[Start of Attachment]

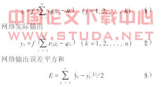 当给定一输入模式X=(x1,x2,….,xm)和希望输出模式Y=(y1,y2,…..,yn)时,网络的实际输出和输出误差可用下列公式求出:
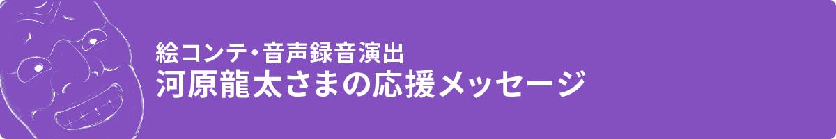 河原様は、これまで、数々の作品の演出などを担当されており、最近では「ドラゴンボールDAIMA」の演出など、有名作品に携わられております。河原様に演出をしていただけるなど光栄でなりません。
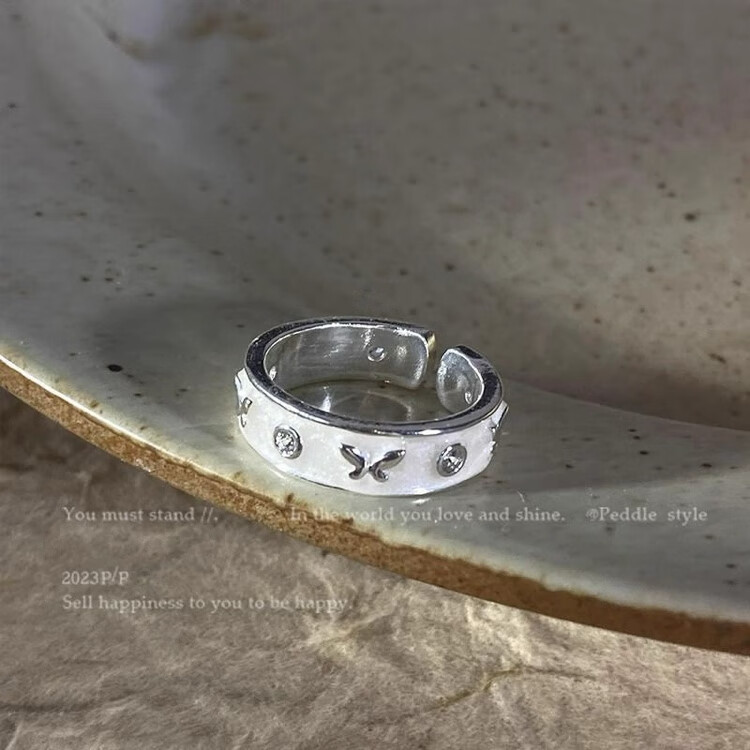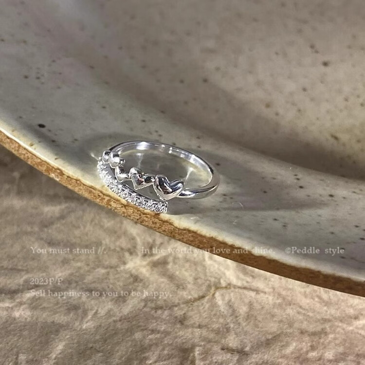 Pure white love three-piece ring set for women 2025 new popular couple bestie ring ins niche index finger ring ring three-piece ring set
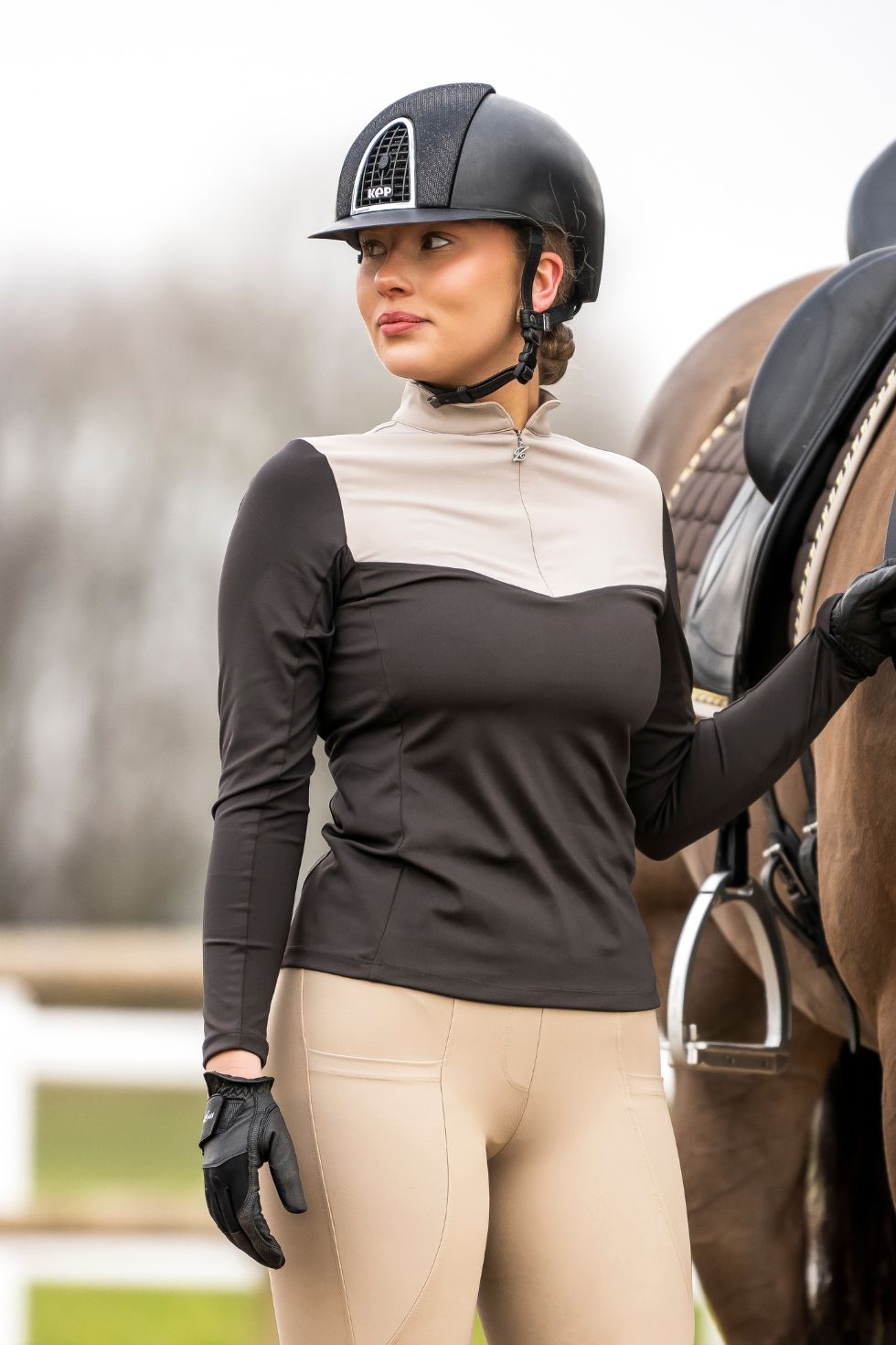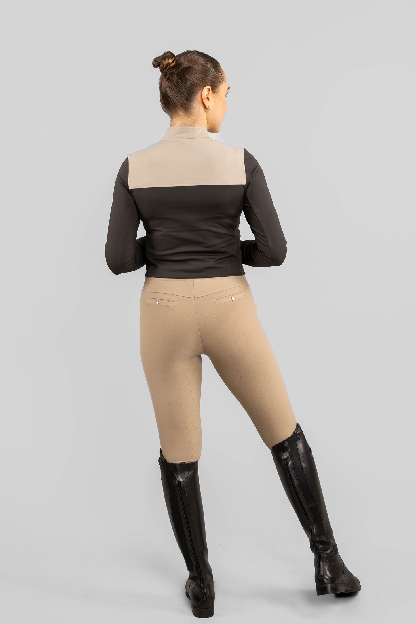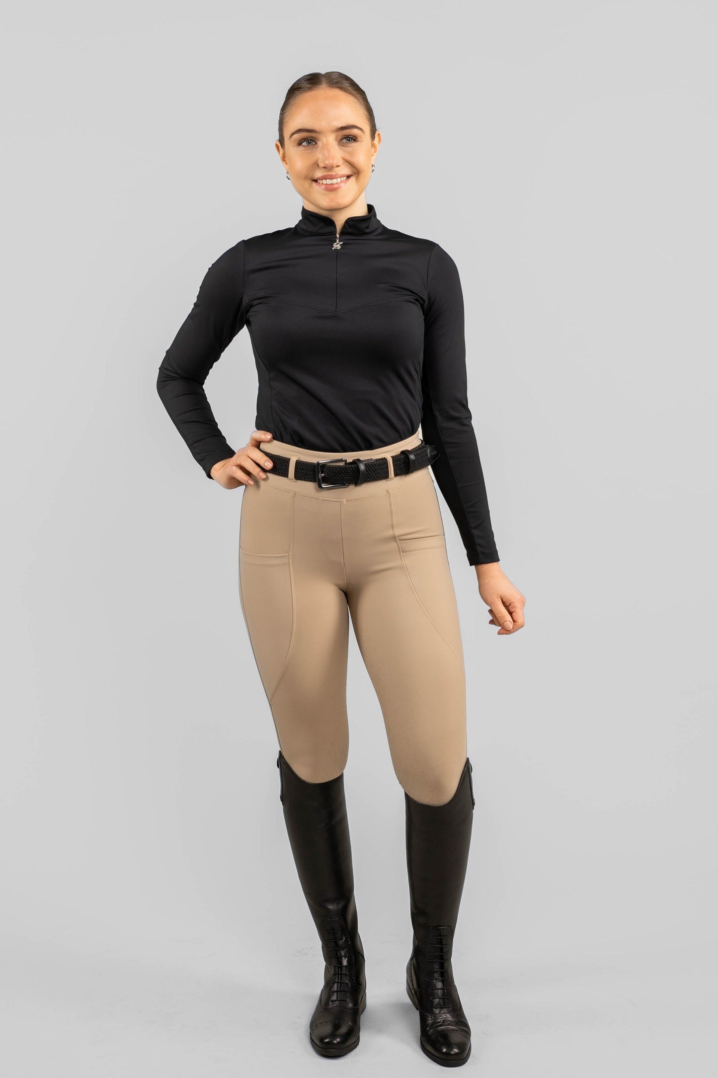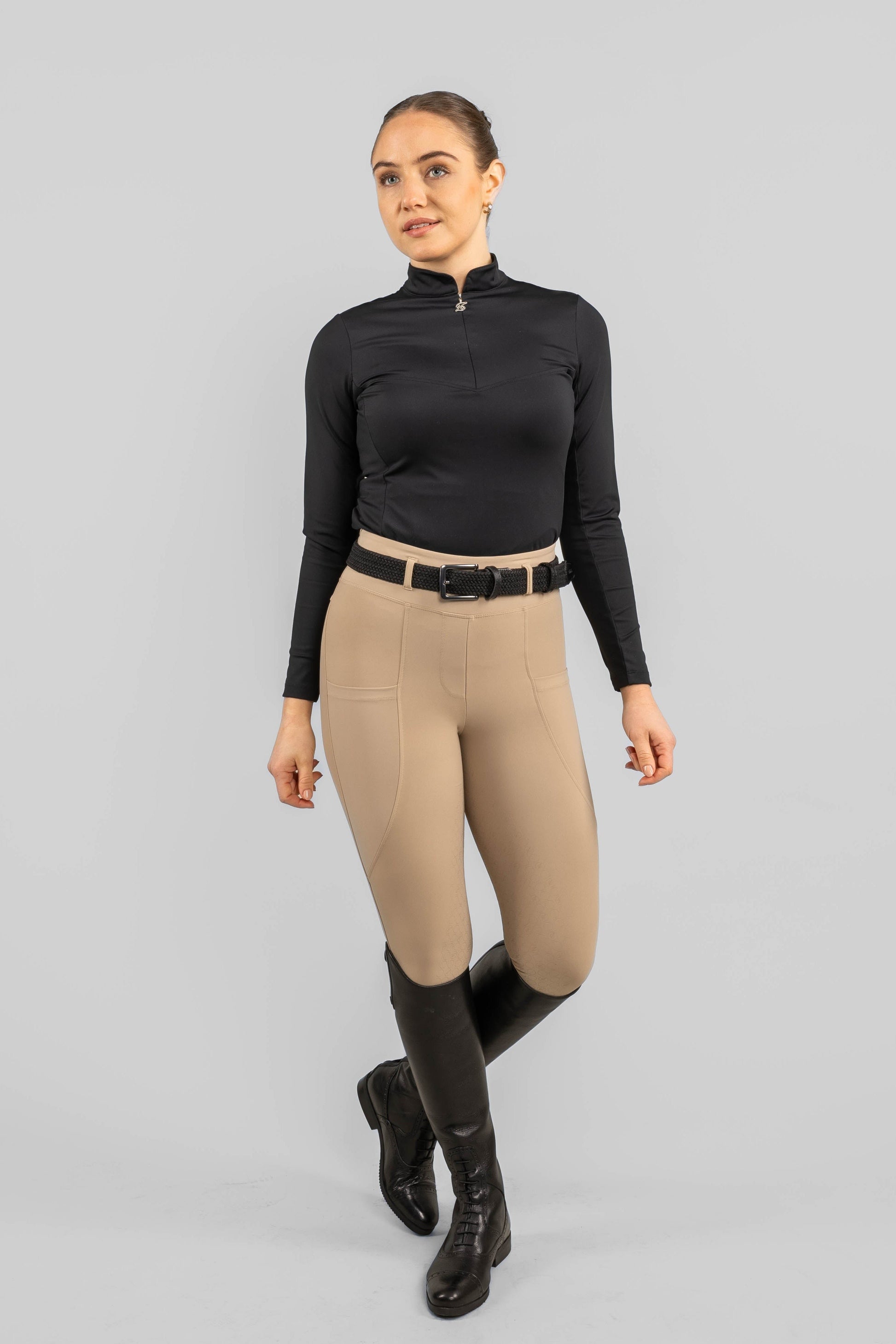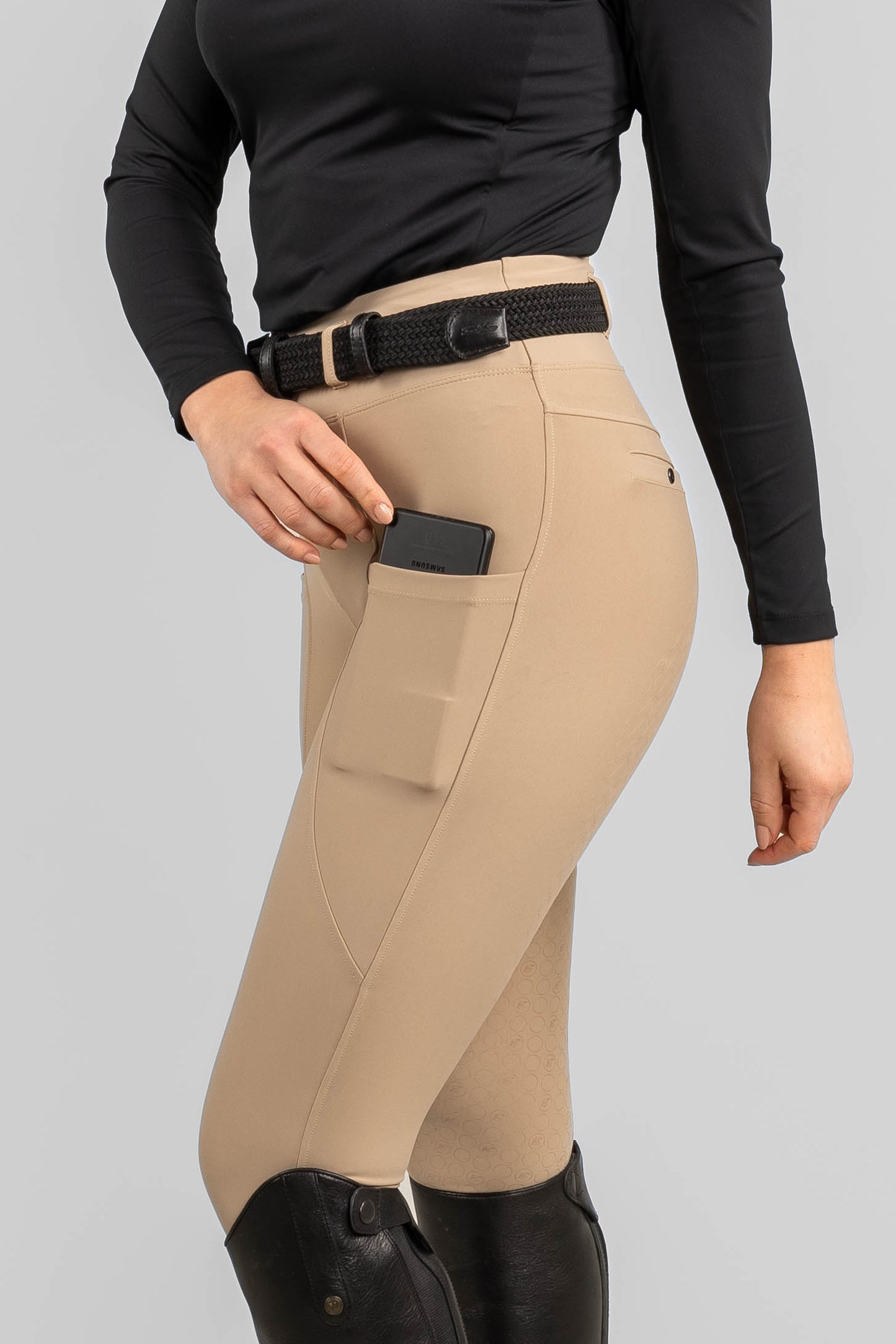 Hög midja, stilrena detaljer, skärphällor och två rymliga mobilfickor – allt du behöver för både stil och funktion i sadeln och stallet.

[End of Attachment]

PROBLEM STATEMENT
Your task is to repeat the listing exactly while omitting its pictures.

ANSWER
 当给定一输入模式X=(x1,x2,….,xm)和希望输出模式Y=(y1,y2,…..,yn)时,网络的实际输出和输出误差可用下列公式求出:
 河原様は、これまで、数々の作品の演出などを担当されており、最近では「ドラゴンボールDAIMA」の演出など、有名作品に携わられております。河原様に演出をしていただけるなど光栄でなりません。
 Pure white love three-piece ring set for women 2025 new popular couple bestie ring ins niche index finger ring ring three-piece ring set
 Hög midja, stilrena detaljer, skärphällor och två rymliga mobilfickor – allt du behöver för både stil och funktion i sadeln och stallet.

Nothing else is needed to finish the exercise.